/---

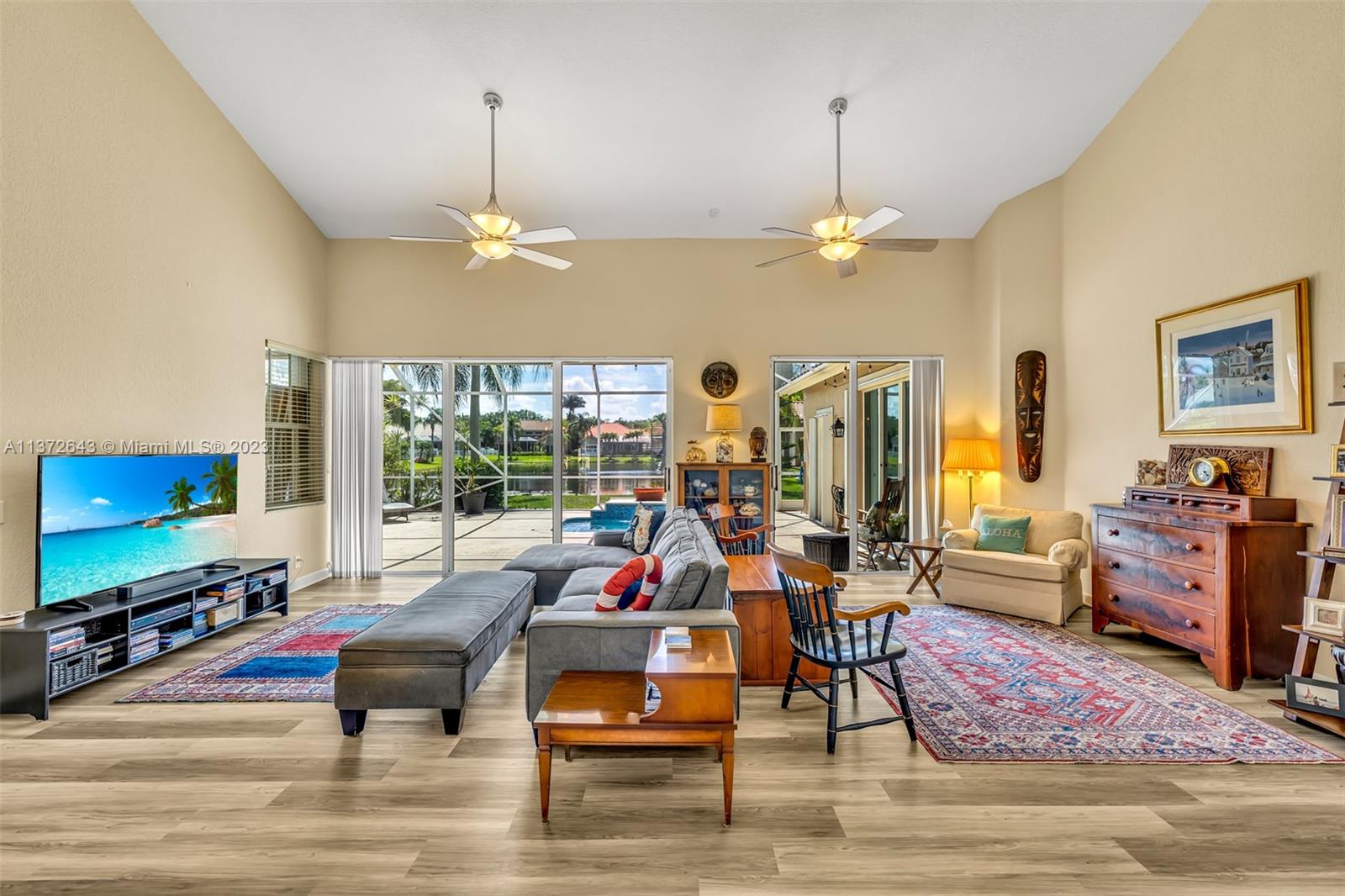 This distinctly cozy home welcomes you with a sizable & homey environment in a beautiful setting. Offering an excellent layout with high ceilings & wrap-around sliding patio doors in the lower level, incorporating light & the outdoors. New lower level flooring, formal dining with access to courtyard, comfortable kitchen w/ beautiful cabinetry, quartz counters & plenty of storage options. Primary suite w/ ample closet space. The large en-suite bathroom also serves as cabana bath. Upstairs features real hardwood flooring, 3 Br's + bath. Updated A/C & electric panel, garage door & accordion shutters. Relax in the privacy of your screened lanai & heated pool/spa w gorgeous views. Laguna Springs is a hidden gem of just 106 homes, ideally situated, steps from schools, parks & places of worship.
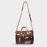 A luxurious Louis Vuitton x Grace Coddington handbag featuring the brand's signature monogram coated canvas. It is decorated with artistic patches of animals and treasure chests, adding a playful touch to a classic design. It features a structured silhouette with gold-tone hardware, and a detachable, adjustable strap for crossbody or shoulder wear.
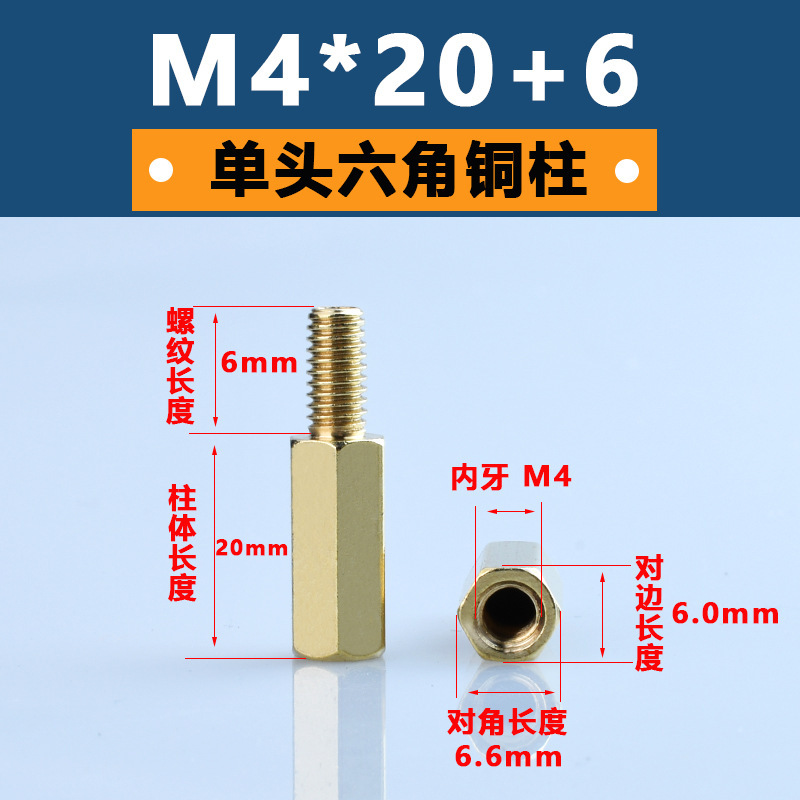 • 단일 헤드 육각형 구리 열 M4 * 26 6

\---

What is needed » For this exercise, restate the material exactly and skip every picture.

Response below »
 This distinctly cozy home welcomes you with a sizable & homey environment in a beautiful setting. Offering an excellent layout with high ceilings & wrap-around sliding patio doors in the lower level, incorporating light & the outdoors. New lower level flooring, formal dining with access to courtyard, comfortable kitchen w/ beautiful cabinetry, quartz counters & plenty of storage options. Primary suite w/ ample closet space. The large en-suite bathroom also serves as cabana bath. Upstairs features real hardwood flooring, 3 Br's + bath. Updated A/C & electric panel, garage door & accordion shutters. Relax in the privacy of your screened lanai & heated pool/spa w gorgeous views. Laguna Springs is a hidden gem of just 106 homes, ideally situated, steps from schools, parks & places of worship.
 A luxurious Louis Vuitton x Grace Coddington handbag featuring the brand's signature monogram coated canvas. It is decorated with artistic patches of animals and treasure chests, adding a playful touch to a classic design. It features a structured silhouette with gold-tone hardware, and a detachable, adjustable strap for crossbody or shoulder wear.
 • 단일 헤드 육각형 구리 열 M4 * 26 6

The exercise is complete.